The Supreme Court on Tuesday directed President Umaru Musa Yar'Adua, his deputy, Dr. Goodluck Jonathan and the Independent National Electoral Commission (INEC) to file their replies, within eight weeks, to the appeal filed by the presidential candidates of the Action Congress (AC), Alhaji Atiku Abubakar and General Muhammadu Buhari of the All Nigeria Peoples Party (ANPP) contesting the ruling of the Presidential Election Petitions Tribunal.
The tribunal had upheld the declaration of Yar'Adua as winner of the April 21, 2007 presidential poll.
Besides, the apex court said that it was ready to shift its vacation to allow expeditious hearing of the appeals filed by the two presidential candidates. The vacation will start in July and last till September.
The court made the order after counsel to President Yar'Adua, Chief Wole Olanipekun (SAN), said that he needed eight weeks allowed by court rules to file his brief.
In his remarks, counsel to the INEC, Chief Kanu Agabi (SAN), advised the justices to proceed on their vacation.
The former Attorney General of the Federation and Justice Minister said that he had to work day and night to respond to issues raised by the appellants and that he would also need the eight weeks allowed by the rules to file his papers.
Earlier, counsel to Buhari, Chief Mike Ahamba (SAN), had, while drawing the attention of the court to section 148 of the Electoral Act 2006, which enjoined tribunals to hear election matters expeditiously, prayed the court to abridge the time within which counsel would be allowed to adopt their papers.
Speaking in agreement with the submission of Ahamba, Professor Babatunde Kasunmu (SAN), who led other senior lawyers representing Atiku, appealed to the respondent's lawyers to concede to an abridgment of time, a plea they promptly rejected.
Responding to Kasunmu's request, Olanipekun said: 'Professor Kasunmu was my teacher. He knows the law more than anyone of us here. If he takes four weeks to write his brief, I will take eight weeks."
This joke generated laughter from both the bench and the bar.
Before closing the case, Justice Kutigi, Chief Justice of Nigeria, said that he did not want a situation where any of the parties would claim that he was not given ample time to file his papers.
He, therefore, ruled that all counsel should take the normal days allowed by the rules to file their papers, meaning that the respondents would have eight weeks to file their responses while the appellant would have three weeks, thereafter, to reply.
The case was adjourned to no specific date.
Outside the court room, Ahamba said that he would file an application for accelerated hearing.

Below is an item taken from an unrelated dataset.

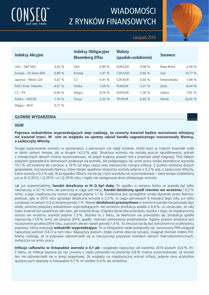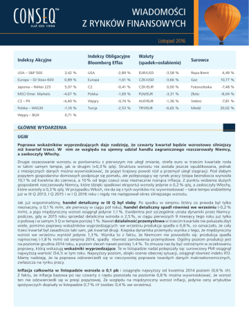 WIADOMOŚCI Z RYNKÓW FINANSOWYCH Listopad 2016 Indeksy Akcyjne Indeksy Obligacyjne Bloomberg Effas Waluty (spadek=osłabienie) Surowce USA – S&P 500 3,42 % USA -2,89 % EUR/USD -3,58 % Ropa Brent 4,49 % Europa – DJ Stoxx 600 0,89 % Europa -1,61 % CZK/USD -3,66 % Gaz 10,77 % Japonia – Nikkei 225 5,07 % CZ -0,41 % CZK/EUR 0,00 % Fotowoltaika -7,48 % MSCI Emer. Markets -4,67 % Polska -1,69 % PLN/EUR -3,31 % Złoto -8,04 % CZ – PX -4,40 % Węgry -0,74 % HUF/EUR -1,36 % Srebro -7,81 % Polska – WIG30 -1,10 % Turcja -2,53 % TRY/EUR -6,65 % Miedź 20,02 % Węgry – BUX 0,71 % GŁÓWNE WYDARZENIA UGW Poprawa wskaźników wyprzedzających daje nadzieję, że czwarty kwartał będzie wzrostowo silniejszy niż kwartał trzeci. W nim ze względu na ujemny udział handlu zagranicznego rozczarowały Niemcy, a zaskoczyły Włochy. Drugie oszacowanie wzrostu w porównaniu z pierwszym nie uległ zmianie, strefa euro w trzecim kwartale rosła w takim samym tempie, jak w drugim (+0,3 % q/q). Struktura wzrostu nie została jeszcze opublikowana, jednak z miesięcznych danych można wywnioskować, że popyt krajowy powoli rósł a przemysł uległ stagnacji. Pod słabym popytem gospodarstw domowych podpisuje się pomału, ale polepszający się rynek pracy (stopa bezrobocia wynosiła 10,1 % od kwietnia do czerwca, a 10 % od tego czasu) oraz nieznacznie rosnąca inflacja. Z punktu widzenia dużych gospodarek rozczarowały Niemcy, które (dzięki spadkowi eksportu) wzrosły jedynie o 0,2 % q/q, a zaskoczyły Włochy, które wzrosły o 0,3 % q/q. W przypadku Włoch, nie da się z tych wyników nic wywnioskować – takie tempo widzieliśmy już w III Q 2013, I Q 2015 i w I Q 2016 roku i nigdy nie następował okres silniejszego wzrostu. Jak już wspominaliśmy, handel detaliczny w III Q był słaby. Po spadku w sierpniu (który co prawda był tylko nieznaczny, o 0,1 % m/m, ale pierwszy w ciągu pół roku), handel detaliczny spadł również we wrześniu (-0,2 % m/m), a jego międzyroczny wzrost osiągnął jedynie 1,1 %. Ewidentna jest szczególnie utrata dynamiki przez Niemcy: podczas, gdy w 2015 roku sprzedaż detaliczna wzrosła o 2,5 %, w ciągu pierwszych 9 miesięcy tego roku już tylko o połowę i w samym 3 Q w tempie poniżej 1 %. Nawet działalność przemysłowa w trzecim kwartale nie pokazała zbyt wiele, pomimo poprawy wskaźników wyprzedzających: we wrześniu produkcja spadła o 0,8 %, co oznaczało, że cały trzeci kwartał był zasadniczo taki sam, jak kwartał drugi. Kiepska dynamika przemysłu wynika z tego, że międzyroczny wzrost we wrześniu wyniósł jedynie 1,3 %. Wynika to z faktu, że Niemcom nie powodziło się: produkcja spadła najmocniej (-1,8 % m/m) od sierpnia 2014, spadły również zamówienia przemysłowe. Ogólny poziom produkcji jest na poziomie grudnia 2014 roku, a poziom zleceń nawet poniżej 1,4 %. To zmusza nas by być ostrożnymi w oczekiwaniu poprawy, którą wskazują wskaźniki wyprzedzające. Te w listopadzie nadal polepszały się: surowcowy PMI osiągnął najwyższą wartość (54,1) w tym roku. Najwyższy poziom, dzięki ocenie obecnej sytuacji, osiągnął również indeks IFO. Mamy nadzieję, że ta poprawa odzwierciedli się w rzeczywistej poprawie twardych danych makroekonomicznych, zwłaszcza na rynku pracy. Inflacja całkowita w listopadzie wzrosła o 0,1 pb i osiągnęła najwyższy od kwietnia 2014 poziom (0,6 % r/r). Z faktu, że inflacja bazowa po raz czwarty z rzędu pozostała na poziomie 0,8 % można wywnioskować, że wzrost ten nie odzwierciedli się w presji popytowej. Ze względu na międzyroczny wzrost inflacji, jedynie ceny artykułów spożywczych dopisały w listopadzie 0,7 % r/r (wobec 0,4 % we wrześniu). IP_Horizont_Invest 9/13/11 6:28 PM Page 1 INVESTIČNÍ PROGRAM INVEST WIADOMOŚCI ZHORIZONT RYNKÓW FINANSOWYCH Informace o produktu Program Horizont Invest je inspirován životem. V mládí je plný dravosti a energie, s přibývajícím stářím preferuje jistoty a bezpečí. V počátku je koncipován razantněji (silnější zastoupení investic s vyšším výnosem a rizikem), s blížícím se závěrem programu se pak poměr investic mění ve prospěch konzervativních, jejichž investiční riziko (a výnos) jsou nižší. 8 Włochy doporučení min. 8 let střední až vysoké (úroveň 4 z 5) max. 4,5 % z hodnoty investice max. 0,5 % ročně z objemu portfolia Dynamické portfolio 2015M07 2015M01 Růstové portfolio Investiční horizont: Riziko: Vstupní poplatek: Manažerský poplatek: 2014M07 2011M07 2011M01 doporučení min. 5 let střední (úroveň 3 z 5) max. 4,0 % z hodnoty investice max. 0,5 % ročně z objemu portfolia 2014M01 Vyvážené portfolio případných výkyvů na trhu, je program zahájen razantněji (silnější zastoupení investic s vyšším výnosem a rizikem). Se zvyšující se investovanou částkou, 2016M07 Liší se poměrem dynamických a konzervativních investičních nástrojů, ovšem u všech platí, že s přibližujícím se koncem 9 programu podíl dynamické složky klesá ve prospěch složky UGW-19 konzervativní. • Dlouhodobé pravidelné investování převážně do rizikových aktiv (zejména akciových fondů) zvyšuje potenciál zhodnocení úspor investora. • Postupné snižování rizikovosti Francja portfolia v posledních letech programu naopak chrání dříve dosažené výnosy a investované prostředky. • Časový horizont lze navrhnout podle potřeb klienta, libovolně ho průběžně upravovat a celý program funguje zcela automaticky bez nutnosti zásahů ze strany investora. 2016M01 10 Které portfolio je pro vás nejvhodnější? Investiční horizont: 7 Riziko: Vstupní poplatek: Manažerský poplatek: USA věkem a blížícím se závěrem programu se pak zastoupení rizikovějších investic snižuje a jsou nahrazovány investicemi konzervativními, jejichž investiční riziko (a výnos) jsou nižší. Wzrost w strefie euro pozostaje słaby,

Atiku, in his appeal, is asking Supreme Court to set aside the judgment of the Court of Appeal delivered on March 8, 2008 and void the election of President Yar'Adua.
The Court of Appeal had held that Buhari and Atiku did not present sufficient materials to prove their claims that the election was rigged.
They are both challenging the entire decision of the tribunal, which held that they did not prove their cases to warrant the nullification of the presidential election.
In addition, Buhari is asking the court to set aside the election of Yar'Adua on the grounds of non-qualification. He further asked the apex court to hold that the election purportedly conducted by the INEC and its Chairman, Maurice Iwu, for the presidency of Nigeria, be set aside and declared invalid.
The ANPP presidential candidate, in his notice of appeal, said the justices of the Court of Appeal erred in law when they wrongly placed the onus of proof on him.
He said that Section 146 (1) of the Electoral Act did not place on him the burden of proof, which the court did.